Received April 13, 2001; accepted after revision July 20, 2001.

 
R. A. Omary was supported in part by the 1999 Radiological Society of North America Bracco Diagnostics Scholar Award.

Address correspondence to R. A. Omary.

Abstract

Top Abstract Introduction Materials and Methods Results Discussion References

 
OBJECTIVE. Catheter-based intraarterial injections of gadolinium are useful during MR imaging—guided endovascular procedures to generate rapid vascular road maps. Using an animal model of renal artery stenosis, we tested the hypothesis that intraarterial gadolinium-enhanced MR angiography is as accurate as IV gadolinium-enhanced MR angiography and digital subtraction angiography (DSA). We also tested the hypothesis that intraarterial MR angiography uses less gadolinium than IV MR angiography.

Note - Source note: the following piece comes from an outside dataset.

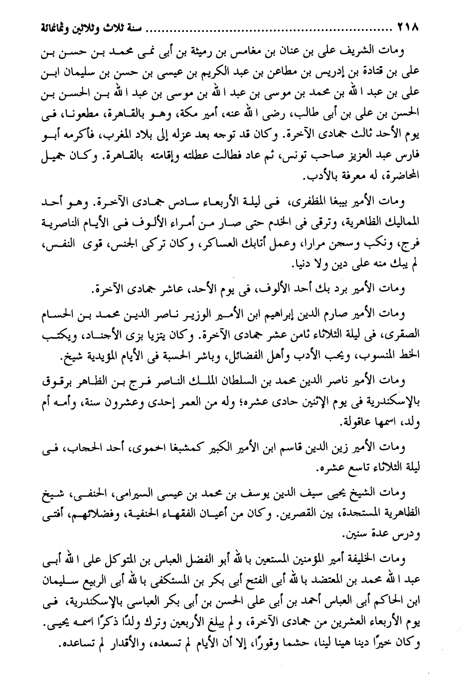 وَمَات الشريف عَليّ بن عنان بن مغامس بن رميثة بن أبي نمي مُحَمَّد بن حسن بن عَليّ بن قَتَادَة بن إِدْرِيس بن مطاعن بن عبد الْكَرِيم بن عِيسَى بن حسن بن سُلَيْمَان ابْن عَليّ بن عبد الله بن مُحَمَّد بن مُوسَى بن عبد الله بن مُوسَى بن عبد الله بن الْحسن بن الْحسن بن عَليّ بن أبي طَالب رَضِي الله عَنهُ أَمِير مَكَّة وَهُوَ بِالْقَاهِرَةِ مطعوناً فِي يَوْم الْأَحَد ثَالِث جُمَادَى الْآخِرَة. وَكَانَ قد توجه بعد عَزله إِلَى بِلَاد الْمغرب فَأكْرمه أَبُو فَارس عبد الْعَزِيز صَاحب تونس ثمَّ عَاد فطالت عطلته وإقامته بِالْقَاهِرَةِ. وَكَانَ جميل المحاضرة لَهُ معرفَة بالأدب. وَمَات الْأَمِير بيبغا المظفري فِي لَيْلَة الْأَرْبَعَاء سادس جُمَادَى الْآخِرَة. وَهُوَ أحد المماليك الظَّاهِرِيَّة وترقي فِي الخدم حَتَّى صَار من أُمَرَاء الألوف فِي الْأَيَّام الناصرية فرج ونكب وسجن مرَارًا وَعمل أتابك العساكر وَكَانَ تركي الْجِنْس قوي النَّفس لم يبك مِنْهُ على دين وَلَا دنيا. وَمَات الْأَمِير برد بك أحد الألوف فِي يَوْم الْأَحَد عَاشر جُمَادَى الْآخِرَة. وَمَات الْأَمِير صارم الدّين إِبْرَاهِيم ابْن الْأَمِير الْوَزير نَاصِر الدّين مُحَمَّد بن الحسام الصقري فِي لَيْلَة الثُّلَاثَاء ثامن عشر جُمَادَى الْآخِرَة. وَكَانَ يتزيا بزِي الأجناد وَيكْتب الْخط الْمَنْسُوب وَيُحب الْأَدَب وَأهل الْفَضَائِل وباشر الْحِسْبَة فِي الْأَيَّام المؤيدية شيخ. وَمَات الْأَمِير نَاصِر الدّين مُحَمَّد بن السُّلْطَان الْملك النَّاصِر فرج بن الظَّاهِر برقوق بالإسكندرية فِي يَوْم الِاثْنَيْنِ حادي عشره وَله من الْعُمر إِحْدَى وَعِشْرُونَ سنة وَأمه أم ولد اسْمهَا عاقولة. وَمَات الْأَمِير زين الدّين قَاسم ابْن الْأَمِير الْكَبِير كمشبغا الْحَمَوِيّ أحد الْحجاب فِي لَيْلَة الثُّلَاثَاء وَمَات الشَّيْخ يحيى سيف الدّين يُوسُف بن مُحَمَّد بن عِيسَى السيرامي الْحَنَفِيّ شيخ الظَّاهِرِيَّة المستجدة بَين القصرين. وَكَانَ من أَعْيَان الْفُقَهَاء الْحَنَفِيَّة وفضلائهم أفتى ودرس عدَّة سِنِين. وَمَات الْخَلِيفَة أَمِير الْمُؤمنِينَ المستعين بِاللَّه أَبُو الْفضل الْعَبَّاس بن المتَوَكل على الله أبي عبد الله مُحَمَّد بن المعتضد بِاللَّه أبي الْفَتْح أبي بكر بن المستكفي بِاللَّه أبي الرّبيع سُلَيْمَان ابْن الْحَاكِم أبي الْعَبَّاس أَحْمد بن أبي عَليّ الْحسن بن أبي بكر العباسي بالإسكندرية فِي يَوْم الْأَرْبَعَاء الْعشْرين من جُمَادَى الْآخِرَة وَلم يبلغ الْأَرْبَعين وَترك ولدا ذكرا اسْمه يحيى. وَكَانَ خيرا دينا هيناً لينًا حشماً وقوراً إِلَّا أَن الْأَيَّام لم تسعده والأقدار لم تساعده.

MATERIALS AND METHODS. We induced bilateral renal artery stenosis in five pigs. All pigs underwent comparative imaging with DSA, IV MR angiography, and aortic catheter-directed intraarterial MR angiography. For IV and intraarterial MR angiography, we used the same three-dimensional acquisition. We assessed differences in quantitative stenosis measurements among DSA, IV MR angiography, and intraarterial MR angiography using the Wilcoxon's signed rank test.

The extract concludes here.